2

311 12 4
                                    

Wsadziłam klucz do auta i odjechałam do swojego domu w drodze do mojego domu zadzwoniłam do mojej najlepszej przyjaciółki Oli która zawsze mi pomaga,
-cześć olca, bo wczoraj byłam u mojego brata i tam był taki chłopak,-
Nie dokończyła mi,
-NIE GADAJ SHIP SHIP SHIP !!-
powiedziała jak zwykle kiedy powiem o kimś..
-olca nie.- a możne ? Nie nie .
-wez gadałaś z nim ?- zapytała
- tak wczoraj był odcinek 24 h w jednej bluzie i wylosowałam Bartka ale Hania się zamieniła ze mną bo chciała być ze swoim chłopakiem i ja byłam z kostkiem i no ..- już wiedziałam że ona dostanie ataku serca z tej radości i już się bałam,
-ONG OMG OMG . NIE GADAJ .. -
powiedziała już z tym objawem,
- weź już tylko jeden odcinek i nic więcej,- powiedziałam i skończyłam z nią rozmowę żegnając się ponieważ byłam już pod moim domem.
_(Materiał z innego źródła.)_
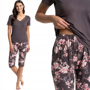 MIĘKKA PIŻAMA DAMSKA WISKOZOWA Z KORONKĄ SPODNIE 3/4 KOMFORTOWA MORAJ S PATT 1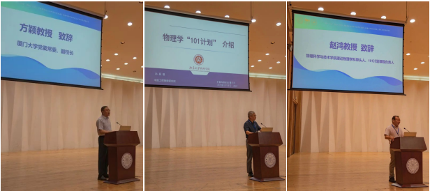 8月12日上午,由教育部物理学“101”计划秘书处、厦门大学物理科学与技术学院、中国工程物理研究院研究生院、教育部“101计划”统计力学课程虚拟教研室、教育部“101计划”物理学前沿与科学思想选讲课程虚拟教研室主办的“101计划”《热力学与统计物理》和《物理学前沿与科学思想选讲》课程教师研修班暨拔尖学生培养暑假学校在厦门大学科学艺术中心正式开幕。101计划物理学科专家组成员、中国工程物理研究院研究生院孙昌璞院士,南京大学党委常委、副校长王振林教授,南京航空航天大学副校长施大宁教授,教育部大学物理课程教指委主任、清华大学王青教授,教育部物理学类专业教指委副主任、北京大学刘玉鑫教授,教育部大学物理课程教指委副主任、南京大学王炜教授,厦门大学党委常委、副校长方颖教授,厦门大学教务处副处长何海涛,101计划课程负责人、物理科学与技术学院赵鸿教授,厦门大学物理科学与技术学院副院长陈理想教授、副院长吴顺情教授等国内外高校的专家学者及师生代表参加了开幕式。开幕式由厦门大学教务处王程处长主持。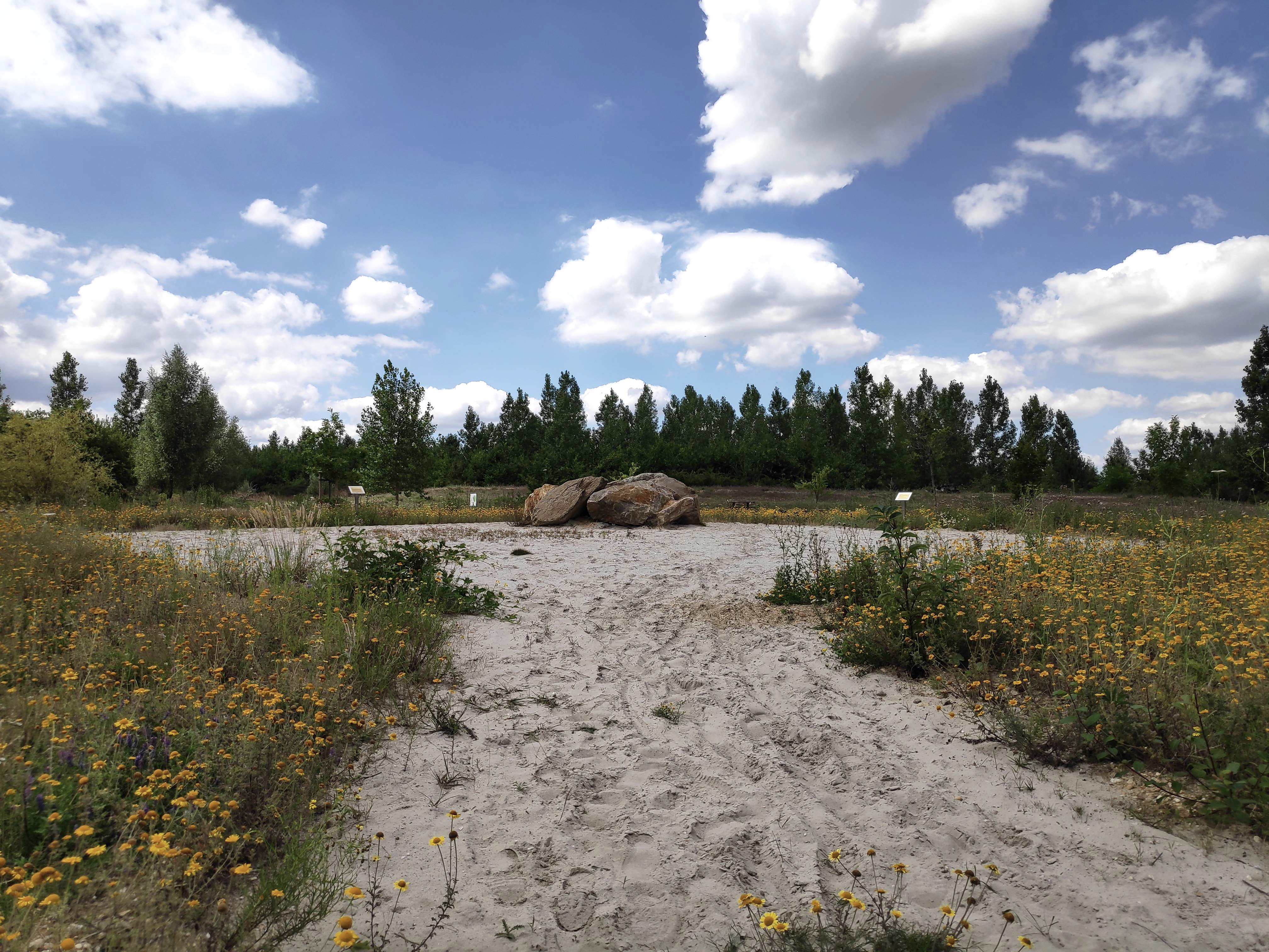 Die Anhöhe mit dem Römerturm verlassen wir über den Pfad bergab und biegen an dessen Ende rechts ab auf den breiten Weg und an der T-Kreuzung halten wir uns wieder rechts. Am Rettungspunkt 39 machen wir einen Abstecher hinauf zum Höller Horn, d.h. wir biegen rechts ab (Wegezeichen F und D) und nach wenigen Schritten links ab in ein sandiges Pfädchen, das uns auf einen Sandhügel mit Pioniergewächsen bringt (Höller Horn). Zur Erforschung der natürlichen Ausbreitung von Fauna und Flora wurde diese Anhöhe nicht rekultiviert, sondern lediglich nährstoffarmer Sand sowie toniges Material und Kies verkippt. Der Turm, den eine Wetterfahne mit dem Schriftzug "Monte Sophia" (wie die Sophienhöhe genannt wird) ziert, ist einem Förderturm einer Erzgrube aus dem Spätmittelalter nachempfunden.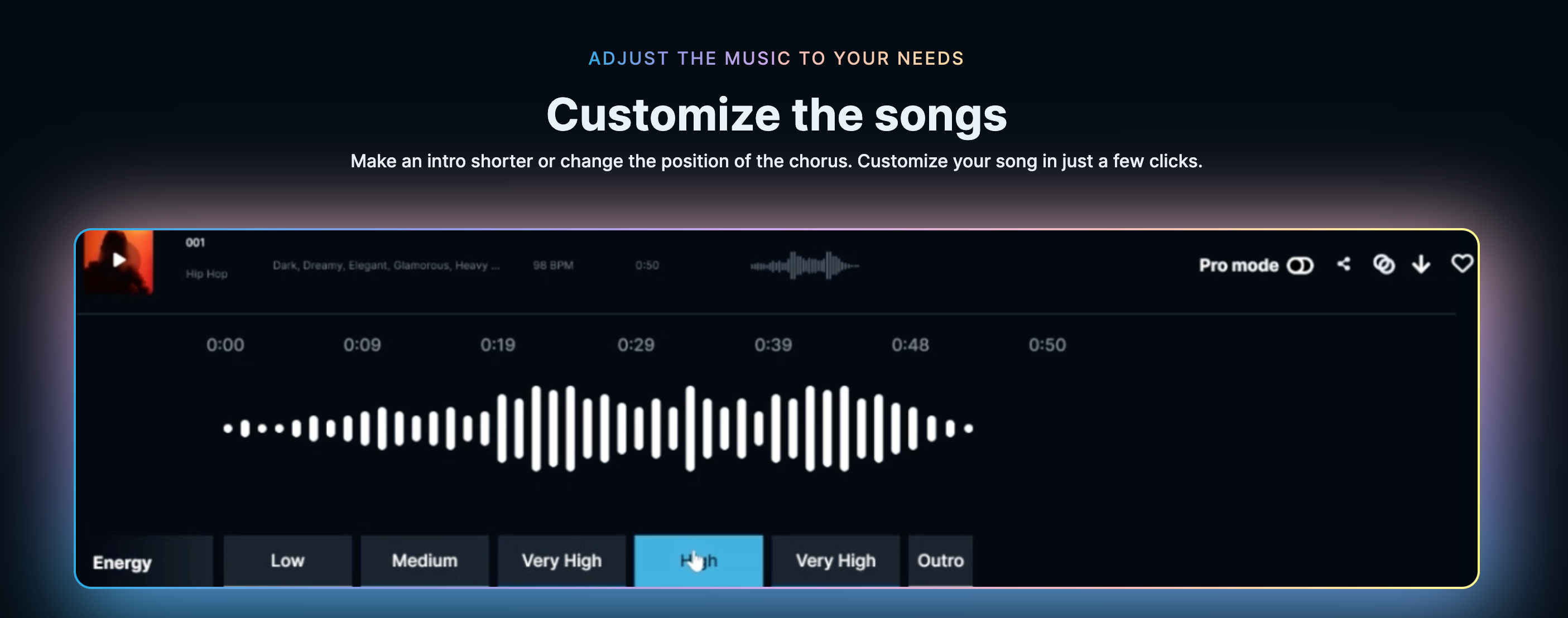 AIによって生成される無数のサウンドフレーズを組み合わせ、楽曲を自由に作り出すことができるWebサービスです。楽曲の尺・構成・楽器・テンポなど、自由にカスタマイズでき、会社PR動画、広告動画、YouTubeなど様々なコンテンツに合うオリジナルの著作権フリーな楽曲を作ることができます。音楽の知識やスキルがなくても、わずか数秒で15曲ほど作成することが可能です。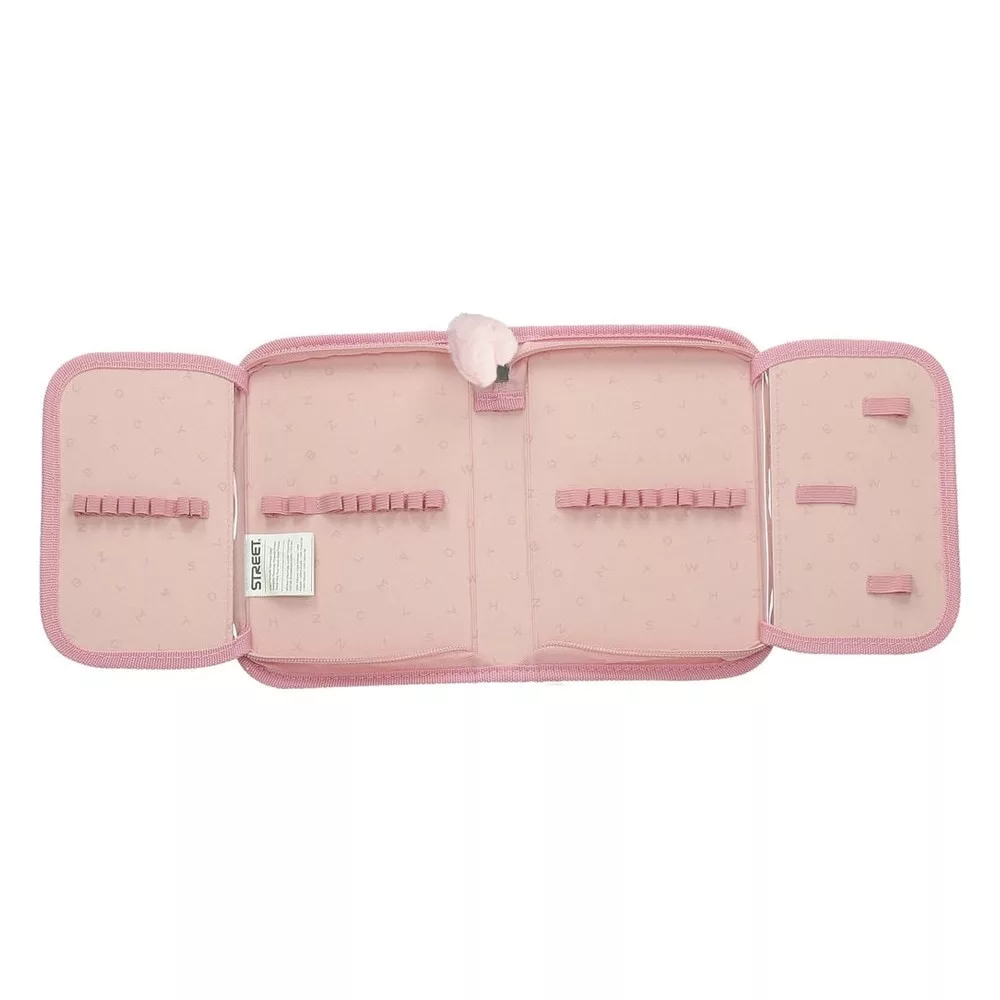 Belül textillel bevont merev lapokkal, gumis kialakítással az írószerek tárolásához.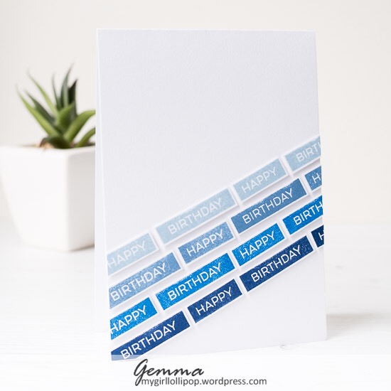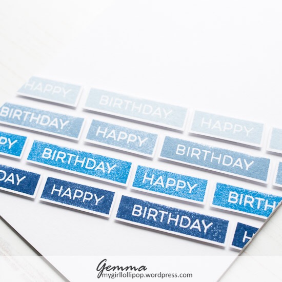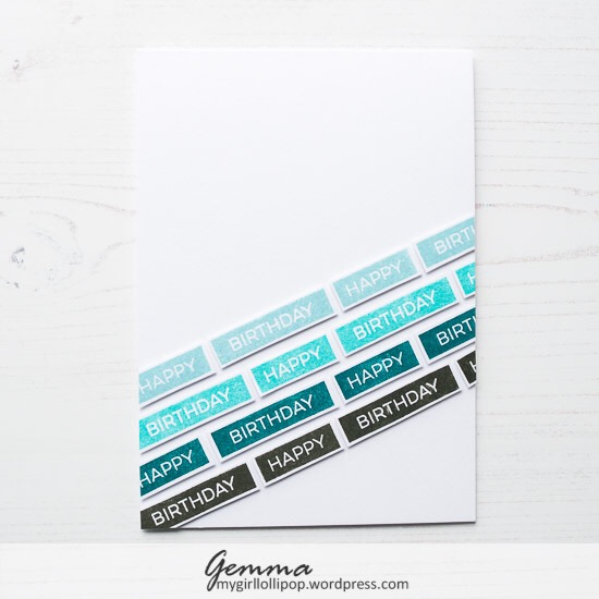 I’m really loving typographic cards at the moment, with text as the main focal point. For these cards, I used the MFT label makers sentiments, stamping them repeatedly in various shades of blue and green MFT inks, then fussy cutting them out.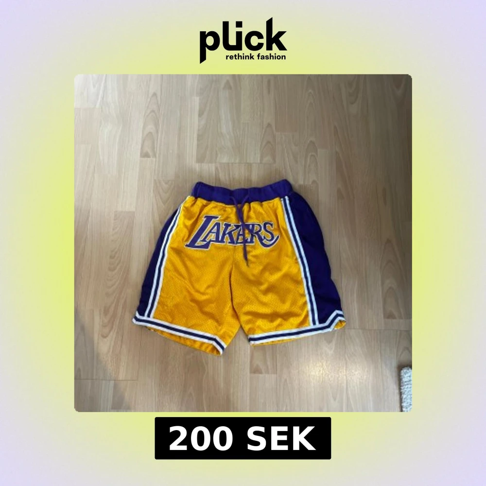 Snygga gula Lakers shorts med lila och vita detaljer. De har snörning i midjan och är perfekta för sportiga aktiviteter. Lakers-loggan är tryckt på framsidan.
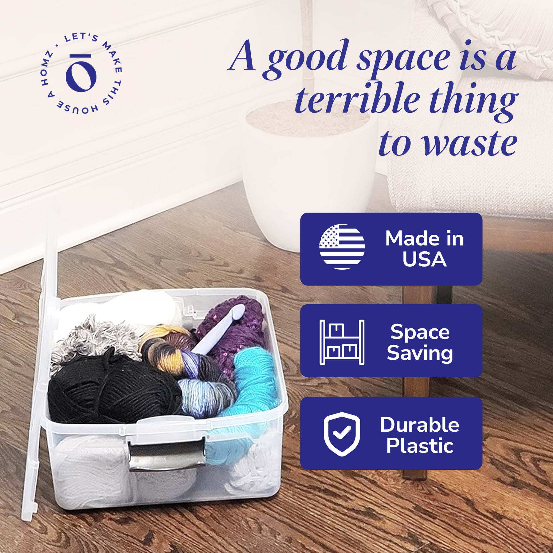 Ideal for a variety of basic household needs, these multipurpose bins can be used to store away clothing items, craft supplies, seasonal decorations, and more. With the spacious 15.5-quart capacity, the opportunities are endless. The ergonomic latching handles lock to secure the lid and provide a comfortable grip for easy carrying. When closing, the lid snaps firmly to the base to ensure all contents stay contained, concealed, and dust-free.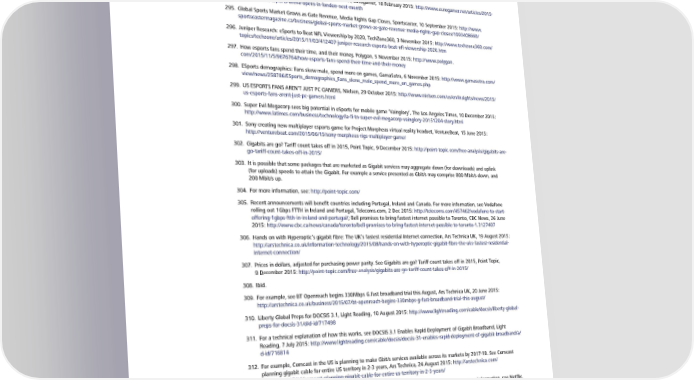 293. Cineplex buys into future of eSports, forming competitive video-game league, The Globe and Mail, 17 September 2015: http://www.theglobeandmail.com/technology/tech-news/cineplex-buys-into-future-of-esports-forming-competitive-video- game-league/article26401328/ 294. UK’s first eSports arena opens in London next month, Eurogamer, 18 February 2015: http://www.eurogamer.net/articles/2015- 02-18-uks-first-esports-arena-opens-in-london-next-month 295. Global Sports Market Grows as Gate Revenue, Media Rights Gap Closes, Sportscaster, 10 September 2015: http://www. sportscastermagazine.ca/business/global-sports-market-grows-as-gate-revenue-media-rights-gap-closes/1003408660/ 296. Juniper Research: eSports to Beat NFL Viewership by 2020, TechZone360, 3 November 2015: http://www.techzone360.com/ topics/techzone/articles/2015/11/03/412407-juniper-research-esports-beat-nfl-viewership-2020.htm 297. How esports fans spend their time, and their money, Polygon, 5 November 2015: http://www.polygon. com/2015/11/5/9676764/how-esports-fans-spend-their-time-and-their-money 298. ESports demographics: Fans skew male, spend more on games, GamaSutra, 6 November 2015: http://www.gamasutra.com/ view/news/258786/ESports_demographics_Fans_skew_male_spend_more_on_games.php 299. US ESPORTS FANS AREN’T JUST PC GAMERS, Nielsen, 29 October 2015: http://www.nielsen.com/us/en/insights/news/2015/ us-esports-fans-arent-just-pc-gamers.html 300. Super Evil Megacorp sees big potential in eSports for mobile game ‘Vainglory’, The Los Angeles Times, 10 December 2015: http://www.latimes.com/business/technology/la-fi-tn-super-evil-megacorp-vainglory-20151204-story.html 301. Sony creating new multiplayer esports game for Project Morpheus virtual reality headset, VentureBeat, 15 June 2015: http://venturebeat.com/2015/06/15/sony-morpheus-rigs-multiplayer-game/ 302. Gigabits are go? Tariff count takes off in 2015, Point Topic, 9 December 2015: http://point-topic.com/free-analysis/gigabits-are- go-tariff-count-takes-off-in-2015/ 303. It is possible that some packages that are marketed as Gigabit services may aggregate down (for downloads) and uplink (for uploads) speeds to attain the Gigabit. For example a service presented as Gbit/s may comprise 800 Mbit/s down, and 200 Mbit/s up. 304. For more information, see: http://point-topic.com/ 305. Recent announcements will benefit countries including Portugal, Ireland and Canada. For more information, see Vodafone rolling out 1Gbps FTTH in Ireland and Portugal, Telecoms.com, 2 Dec 2015: http://telecoms.com/457462/vodafone-to-start- offering-1gbps-ftth-in-ireland-and-portugal/; Bell promises to bring fastest internet possible to Toronto, CBC News, 26 June 2015: http://www.cbc.ca/news/canada/toronto/bell-promises-to-bring-fastest-internet-possible-to-toronto-1.3127407 306. Hands on with Hyperoptic’s gigabit fibre: The UK’s fastest residential Internet connection, Ars Technica UK, 19 August 2015: http://arstechnica.co.uk/information-technology/2015/08/hands-on-with-hyperoptic-gigabit-fibre-the-uks-fastest-residential- internet-connection/ 307. Prices in dollars, adjusted for purchasing power parity. See Gigabits are go? Tariff count takes off in 2015, Point Topic, 9 December 2015: http://point-topic.com/free-analysis/gigabits-are-go-tariff-count-takes-off-in-2015/ 308. Ibid. 309. For example, see BT Openreach begins 330Mbps G.fast broadband trial this August, Ars Technica UK, 20 June 2015: http://arstechnica.co.uk/business/2015/07/bt-openreach-begins-330mbps-g-fast-broadband-trial-this-august/ 310. Liberty Global Preps for DOCSIS 3.1, Light Reading, 10 August 2015: http://www.lightreading.com/cable/docsis/liberty-global- preps-for-docsis-31/d/d-id/717498 311. For a technical explanation of how this works, see DOCSIS 3.1 Enables Rapid Deployment of Gigabit Broadband, Light Reading, 7 July 2015: http://www.lightreading.com/cable/docsis/docsis-31-enables-rapid-deployment-of-gigabit-broadband/a/ d-id/716814 312. For example, Comcast in the US is planning to make Gbit/s services available across its markets by 2017-18. See Comcast planning gigabit cable for entire US territory in 2-3 years, Ars Technica, 24 August 2015: http://arstechnica.com/ business/2015/08/comcast-planning-gigabit-cable-for-entire-us-territory-in-2-3-years/ 313. Compressed files require 25 Mbit/s; live TV with a high frame rate can require double that. For more information, see Netflix, as accessed on 10 December 2012: https://help.netflix.com/en/node/13444; 314. Marc Scarpa, Wikipedia, as accessed on 15 December 2015: https://en.wikipedia.org/wiki/Marc_Scarpa 315. For a history of YouTube, see YouTube, Wikipedia, as accessed on 10 December 2015: https://en.wikipedia.org/wiki/YouTube 316. For a view on the Internet connection speed required for a 4K file, see Recommended upload encoding settings (Advanced), Google, as accessed on 10 December 2015: https://support.google.com/youtube/answer/1722171?hl=en-GB 317. Facebook Hits 8 Billion Daily Video Views, Doubling From 4 Billion In April, TechCrunch, 4 November 2015: http://techcrunch. com/2015/11/04/facebook-video-views/#.eai6wa:OGnj 318. International Space Station on UStream, NASA, as accessed on 15 December 2015: https://www.nasa.gov/multimedia/nasatv/ iss_ustream.html 319. For example, see How to Watch All the Beautiful New Apple TV Screensavers, Gizmodo, 19 October 2015: http://gizmodo. com/how-to-watch-all-the-beautiful-new-apple-tv-screensaver-1737421102 74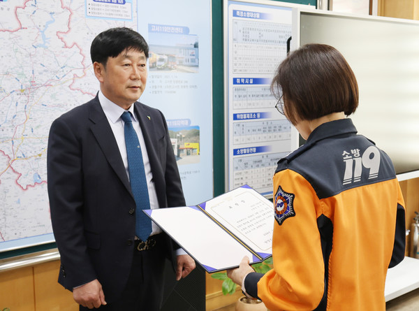 담양소방서는 지난 7일 목욕탕에서 의식을 잃고 쓰러진 심정지 환자를 소생시키는데 기여한 공이 큰 송진현 담양군산림조합장에게 소방서장 표창을 수여했다.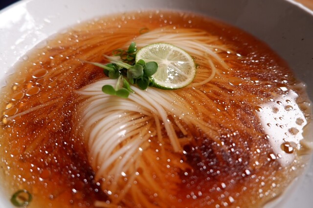 看板メニューのら〜にゅうめんは、鰹風味がしっかりしているのに、香味油から煮干の旨味が出ていて、あっさり和風ラーメンのようで〆にピッタリの逸品‼️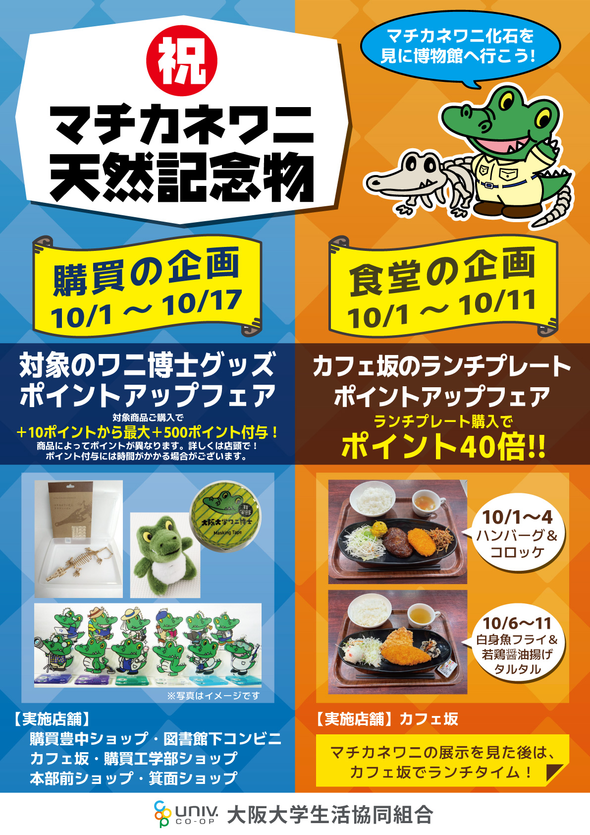 阪大生協ではお祝い企画として、「祝・マチカネワニ天然記念物企画」を実施いたします!

Weszłam do domu zapominając o kluczach ale teraz przypomniałam sobie o nich jak robiłam herbatę co ja mam z tymi kluczami wybiegłam z domu i wzięłam klucze, nienawidzę ze ja zawsze o wszystkim zapominam.

Wróciłam do domu i przypomniałam sobie o herbacie wzięłam ją i poszłam do pokoju wyciągając telefon z kieszeni, położyłam herbatę i weszłam w wiadomości na telefonie i zobaczyłam że kostekkról zaczął mnie obserwować to oddałam mu obserwacje i oglądnęłam jeszcze insta i poszłam się przebrać i wykąpać przy okazji zrobiłam skin care i poszłam spać w moim domku.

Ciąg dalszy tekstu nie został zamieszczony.